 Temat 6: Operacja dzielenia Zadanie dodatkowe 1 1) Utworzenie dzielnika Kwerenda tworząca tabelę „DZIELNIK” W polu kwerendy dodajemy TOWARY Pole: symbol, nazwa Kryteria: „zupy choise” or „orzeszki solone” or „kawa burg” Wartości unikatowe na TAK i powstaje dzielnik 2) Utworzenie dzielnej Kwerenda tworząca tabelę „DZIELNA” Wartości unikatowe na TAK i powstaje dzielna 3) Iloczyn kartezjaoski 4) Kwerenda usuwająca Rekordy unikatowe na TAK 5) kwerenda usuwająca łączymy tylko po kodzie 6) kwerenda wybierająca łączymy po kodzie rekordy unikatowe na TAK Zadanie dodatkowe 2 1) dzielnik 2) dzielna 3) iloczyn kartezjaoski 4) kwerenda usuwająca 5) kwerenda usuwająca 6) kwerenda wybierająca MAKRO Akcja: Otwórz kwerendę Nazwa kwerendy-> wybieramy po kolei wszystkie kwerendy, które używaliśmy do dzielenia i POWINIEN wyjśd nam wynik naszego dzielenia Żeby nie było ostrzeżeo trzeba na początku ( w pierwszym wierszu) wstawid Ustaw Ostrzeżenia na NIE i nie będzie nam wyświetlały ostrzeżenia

* * *

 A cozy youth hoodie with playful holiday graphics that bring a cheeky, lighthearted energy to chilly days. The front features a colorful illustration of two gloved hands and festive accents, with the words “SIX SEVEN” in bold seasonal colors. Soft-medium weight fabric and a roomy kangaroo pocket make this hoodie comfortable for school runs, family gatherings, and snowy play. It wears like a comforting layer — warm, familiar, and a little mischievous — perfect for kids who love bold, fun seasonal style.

--

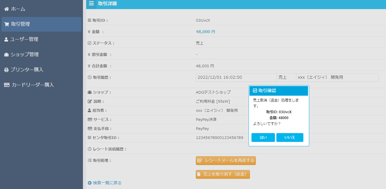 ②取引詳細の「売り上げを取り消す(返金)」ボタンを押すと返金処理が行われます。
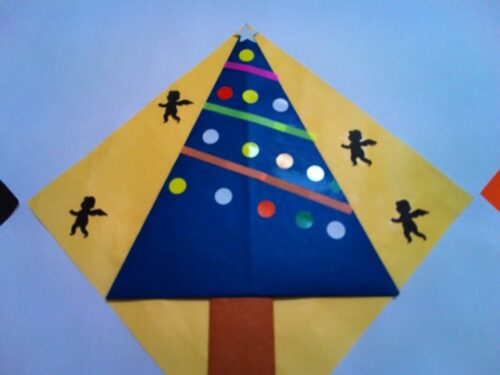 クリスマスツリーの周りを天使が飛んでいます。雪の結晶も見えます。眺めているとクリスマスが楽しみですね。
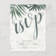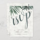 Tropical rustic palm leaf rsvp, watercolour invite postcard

Assignment ▸ Print, word for word, the lines above that run from the line containing "クリスマスツリーの周りを天使" to the line containing "Tropical rustic palm", both included. Keep the pictures out.

Answer space ▸
 クリスマスツリーの周りを天使が飛んでいます。雪の結晶も見えます。眺めているとクリスマスが楽しみですね。
 Tropical rustic palm leaf rsvp, watercolour invite postcard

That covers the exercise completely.